Lew Stringer wrote:
Interesting responses. Each to their own of course but I found it bizarre that some people find real life farts funny, but not in the comic strips! Conversely I don't find it funny if people deliberately do it in public but I think it's harmless and inoffensive in a humour strip.
Lew
Just to be clear, with my own example, I wasn't suggesting that people deliberately farting in public was funny, but there are conceivable situations where, in spite of ourselves, real life farts can be funny. A pompous high-minded spiritual monologue from the pulpit interrupted by loud trumpets from a near-deaf old lady who doesn't realise she's doing it may be funny because of its sheer inappropriateness and out of embarrassment.
There's also the supposedly-true story of the girlfriend being picked up by her boyfriend to be driven off to a date. Her stomach is bulging with wind but she hasn't had time to go to the toilet. She's absolutely, utterly desperate to get it all out. He opens the door for her to slip into the passenger seat. She realises she only has till he gets round the car and into the driver seat to let it all out and avoid extreme embarrassment. So she expels the gas in one massive long trumpet that seems to shake the seats. Luckily it finishes just as he opens the car door and lets himself in.
Then he introduces his two elderly parents who are sitting in the back seats.
Both these examples may be funny because of the situation,the embarrassment, and breaking of social taboos - but not because farting *in itself* is funny.

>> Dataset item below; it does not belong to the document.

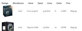 <table> <thead> <tr> <th>Package <th>Manufacturer <th>Name <th>Speed <th>Cores <th>Cache <th>Price <tfoot> <tr> <td colspan=6> <tbody> <tr> <td><img src=amd-opteron.jpg alt="AMD Opteron 6172 Twelve-Core 2.1GHz"> <td>AMD <td>Opteron 6172 <td>2.1 GHz <td>12 <td>18 MB <td>$1,199.99 <tr> <td><img src=i7-3960X.jpg alt="Intel Core i7-3960X Processor"> <td>Intel <td>Core i7-3960X <td>3.3 GHz <td>6 <td>15 MB <td>$1,049.99 … </table>

Gross out humour has been around a lot longer than 25 years but I don't think the comics establishment were out of touch for not featuring it (let's be honest; for both children and adults, fart and bodily function gags have always been considered the lowest of the lowbrow; scraping-the-bottom-of-the-barrel stuff) but because they thought sinking to such lowest common denominator fare was way beneath them.
Similarly, the ITV of old wouldn't have filled its evenings with celebrities eating animal genitalia and having maggots dumped on their heads, or its mornings with the Jeremy Kyle Show. These things certainly existed: Clive James on TV used to delight in showing clips from the likes of the Japanese Endurance or America's Jerry Springer Show, as examples of how lowbrow international TV could get. Now, desperate for ratings and wholly dumbed down, ITV is filled with the same sort of fare. Do we say ITV has "evolved"? Or would "devolved" be more appropriate?
I'd also question this idea that children have somehow "chosen" this material. Children's entertainment is devised by adults, created by adults and imposed on them by adults. Whether we give them lowest common denominator crudity or clever, creative, imaginative fare is entirely down to grown-ups (and, of course, dependent on the skills and creativity of those grown-ups.) Whether to aim high or low is entirely down to them.
I'm also inclined to think the fart/snot/turd angle in comics is probably part of the sweeping infantilisation of society which, again, it's hard to think of as a positive trend or "evolution."